ADVERTISEMENT
May 2, 2017 | celebrity | Lex Jurgen | 0 Comments
Cavs fans after finding out Tristan Thompson dumped Khloe Kardashian pic.twitter.com/0l06zNw2ZW
— Jordan Miller (@J_miller2014) May 1, 2017
For about four hours on Monday, Cleveland Cavaliers fans rejoiced with word that Tristan Thompson had given Khloe Kardashian the old heave-ho, thereby freeing their team from a succubus jinx and opening the door to a back to back championship.
Depending on your Google news results, Thompson broke it off because he wants to get back with his baby mama, Thompson wants to be totally focused on basketball, or Thompson fears commitment that Khloe Kardashian is pushing for. None of which come close to approximating the future legitimate reason of, cops recovered my sister from a basement in Jalisco and I no longer need to fuck this shorn Kraken. Fake news.

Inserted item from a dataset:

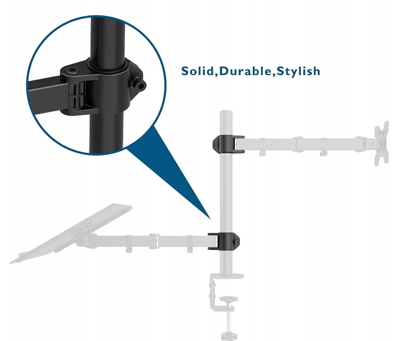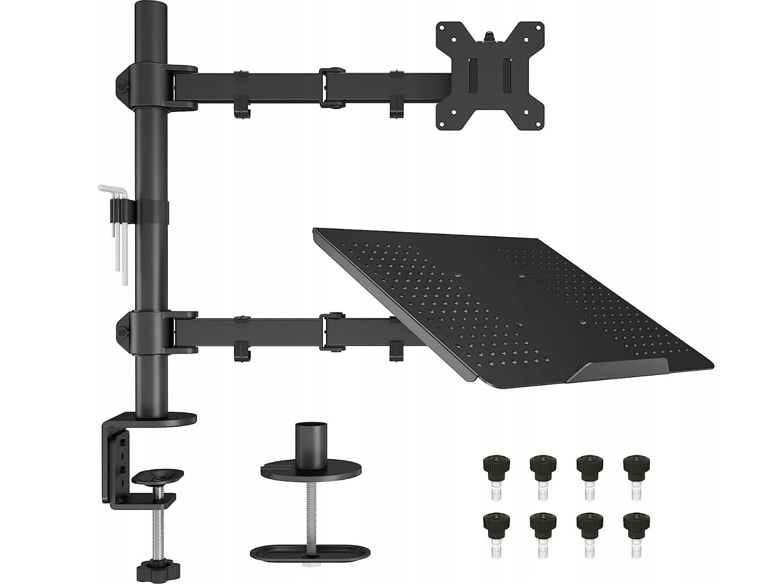 Uchwyt z tacą na Monitor i Laptopa 75mm & 100mm 13" - 27" POWYSTAWOWY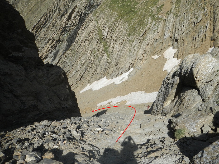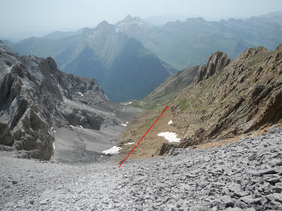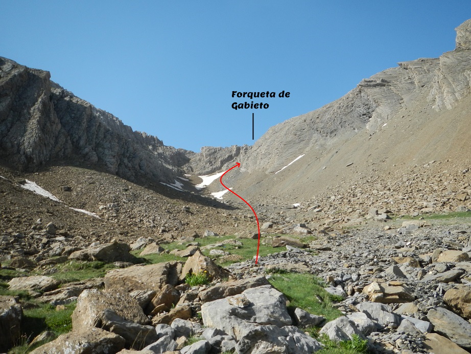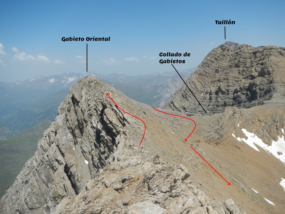 - Alcanzar el collado donde comienza la arista suroeste, que explicamos en esta entrada y descender hacia el este en busca del collado de Gabieto, F+.

The heads of Facebook, Twitter, Snapchat, still somehow MySpace, who all dotted line report to Kris Jenner, immediately halted all transactions on social media until such time as Khloe Kardashian could post a real-time photo of Tristan Thompson after the Raptors game with a ‘Hi handsome’ caption. Nineteen guys in Cleveland committed suicide. Or seven less than most evenings. Not everybody is ambitious enough to leave Ohio by bus.
It remains to be seen if the Kardashian curse is in effect. Or how the gods work it out when she’s previously fucked most every single significant participant in the finals. It is clear that sticking your dick into a rotating prop engine will ultimately hurt you less than doing similar inside a Kardashian. Ask Bruce Jenner. He’s the only man to have experienced both.